Top of the Food Chain

        One negative thing that the past leaves behind are entitlements. An idea of being worthy of a title or position without having to prove yourself. It has been said since the beginning of time that we, as humans, are the top of the food chain. If I'm going to be the best at something you better believe I'm going to prove it to my inferiors. Anyone can say they have royal blood but unless they have a crown on their head I will continue to refuse to pay taxes (and a burger king crown doesn't count Donovan). So to earn this title of ultimate predator here was my "crowning" achievement.

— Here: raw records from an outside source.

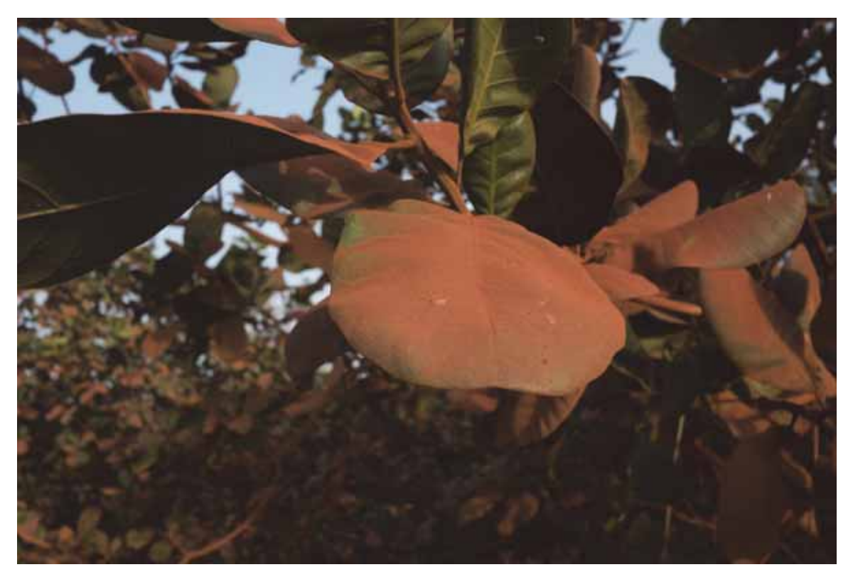
A tree covered in dust next to a mining road operated by the La Société Minière de Boké consortium. Communities state that the dust kicked up by the hundreds of trucks transporting bauxite on mining roads has reduced the productivity of surrounding trees and crops.

Satellite imagery reviewed by Human Rights Watch also revealed large, uncovered piles of bauxite ore inside the SMB consortium's two ports, at Dapilon and Katougouma, and showed evidence that wind is blowing dust as far as two kilometers from the ports, reaching five villages close to Dapilon port and four close to Katougouma. "You can run your finger down the wall of any of the houses here, and there'll be dust," said a community leader from Katougouma. "You clean it off, and it just comes straight back." Another community leader from Katougouma told a government inspection mission in February 2018 that: "The dust here has created coughs among the inhabitants of Katougouma, especially for older people and newborns....help us to reduce the dust because the company itself doesn't want to do anything about it." The BGEEE in April 2017 stated that at Katougouma port: "The unloading of trucks, the loading of barges, the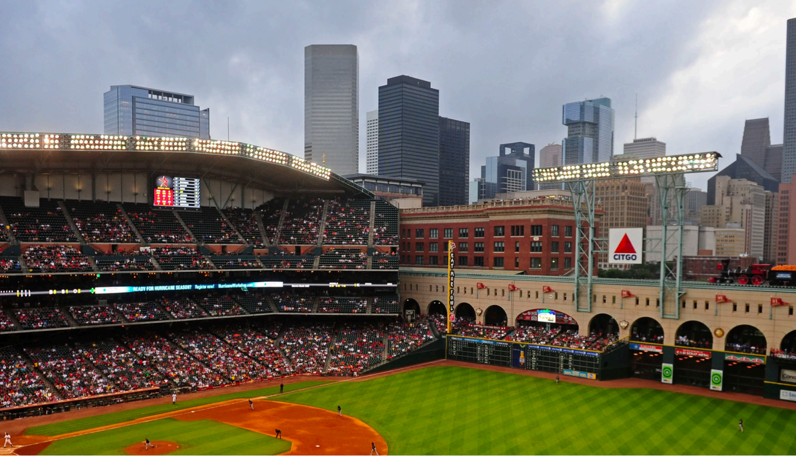
MINUTE MAID PARK 9 MINUTES 3.3 MILES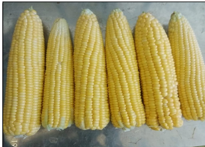
Fig. 2: Cobs without husk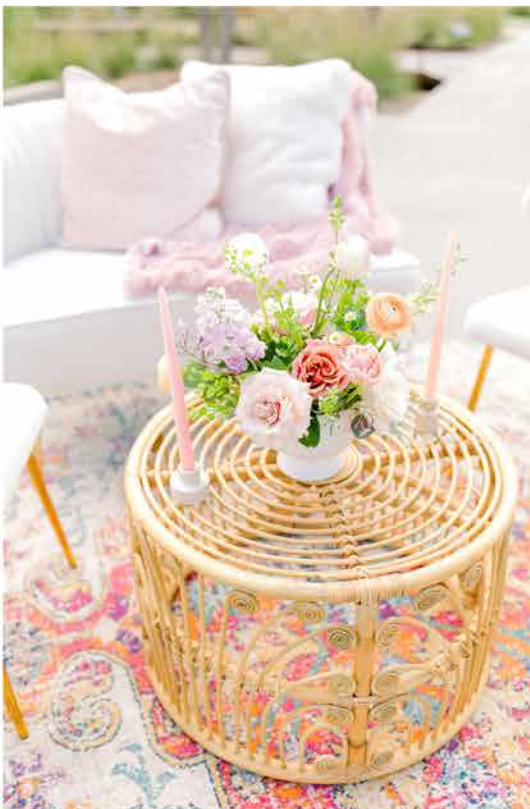
Ivory Lounge Set $750

We can mix and match from our large inventory of sofas, loveseats, rugs, pillows, throw blankets, side chairs, coffee tables or side tables to offer you an amazing look to match your style. Call us at (951) 551-4517 to get started!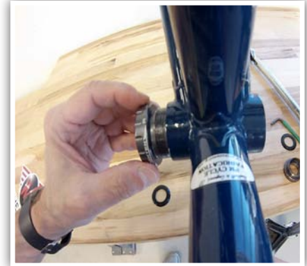
3. Insert drive side cup and center sleeve into frame.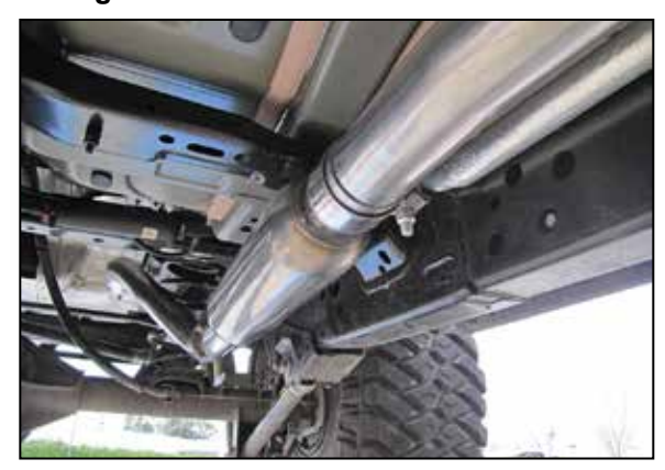
12. Install the K&N® muffler onto the K&N® mid pipe and into the factory hanger.

NOTE: Do not completely tighten the clamp at this time, all clamps should be left loosely installed until the complete system is installed and aligned.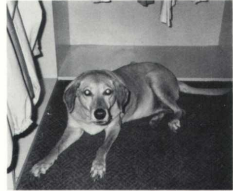
Girl, a stray dog wandered in the pro shop 13 years ago. Found a good home.

F.G.: In your renovation, you seem to have a strong feeling toward keeping the tradition of its era alive.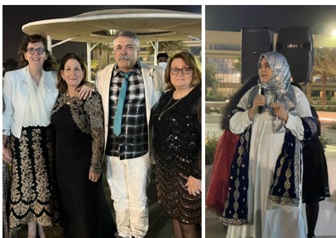
WUWHS gala dinner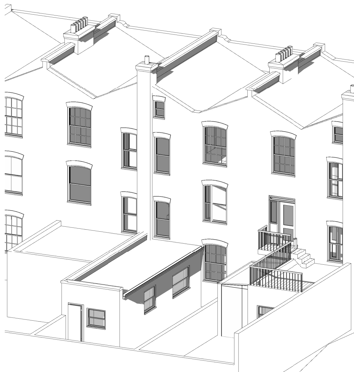
Existing Rear Terrace Perspective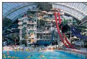
Day pass to World Waterpark

A Choice Pass allows the bearer to enjoy ONE of the following (passes expire in 1 year)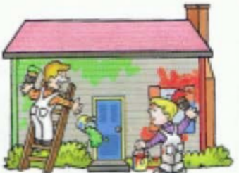
8. bad painters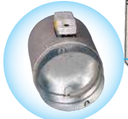
Siemens Motorised Damper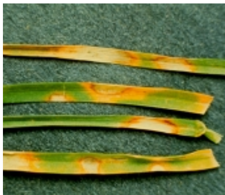
DOLLAR SPOT LESIONS ON KENTUCKY BLUEGRASS LEAVES.

On irrigated turf with persistent dollar spot problems, fungicides are very effective against most forms of the causal fungus. Fungicides are almost always applied on a curative basis for controlling dollar spot. Both contact and systemic fungicides are effective in controlling this disease. Because resistance to certain

        For a long time I have wanted to make an evening out of consuming as many different kinds of animals as I could sticking to the main animal classes and then some. This mostly consisted of a visit to the restaurant 'Hush Puppies' with my dad which is well known for their southern style food. The list of animals included the following:

Mammal



       Steak. Simple, common, spectacular steak. Not too much I need to say about beef. Most everyone already knows how wonderful it is. I had a cut of sirloin sprinkled with bacon bits before getting into the fun stuff.





Reptile

        To represent the reptiles I had some deep fried alligator tail. 'What does a gator taste like' you ask? Hard to say. Alligator is the Jack in the Box of meat, it doesn't know what it wants to identify itself with. To me it's a balanced mix of red meat, chicken and fish all in one. Whatever it is I thoroughly enjoyed it. 






Fish
   
       Catfish is one of my favorite kinds of fish so it was an desirable addition to the cause. Its meat is white and the flavor isn't powerful so it is wonderful when breaded and fried. I don't care how ugly you are friend. It's what's on the inside that counts.








Crustacean

       The crustacean category was represented by traditional grilled shrimp. I'm not a huge fan of shrimp but we get along alright. I've always been more of a crab kind of guy. Still some good stuff, just not as good.... no offense.






Muscle
     Oysters are normally very tough and rubbery but much like anything else that is deep fried it was fun to eat. Reminded me of fried Calamari which I love. If the world truly is 'my oyster' make sure to deep fry it first. Two thumbs up.














Amphibian

     Along with the alligator tail frogs legs are unfortunately an under utilized meat that I find very tasty. It's like getting a double-decker chicken wing that tastes like a cross between chicken and scallops. I feel for you mr. frog and am empathetic to your lack of popularity.




Fowl

       Supposedly everything tastes like chicken so it would have been wrong not to include a chicken sandwich on the list. After eating many different things I can say not all of it tastes like chicken. I mean no offense and am not trying to hurt the chicken's pride but personally I found this to be false. In fact I'm the one that should be offended. I don't appreciate being lied to mr. chicken. Don't worry, that wont stop me from eating you.







Insect
     Most of what I ate was perfectly agreeable and the fear factor wasn't an issue. Being afraid of the idea of certain foods has never been a problem for me. I decided I should involve something a little outside my comfort zone so I found a bug sucker that had an insect trapped inside. It took a good hour to free it from it's melon flavored prison and when I got to it I was pleasantly surprised to find that it tasted similar to an almond.


       I am happy to say that I now feel like I legitimately belong in the 'top of the food chain' club. May all beasts fear my appetite.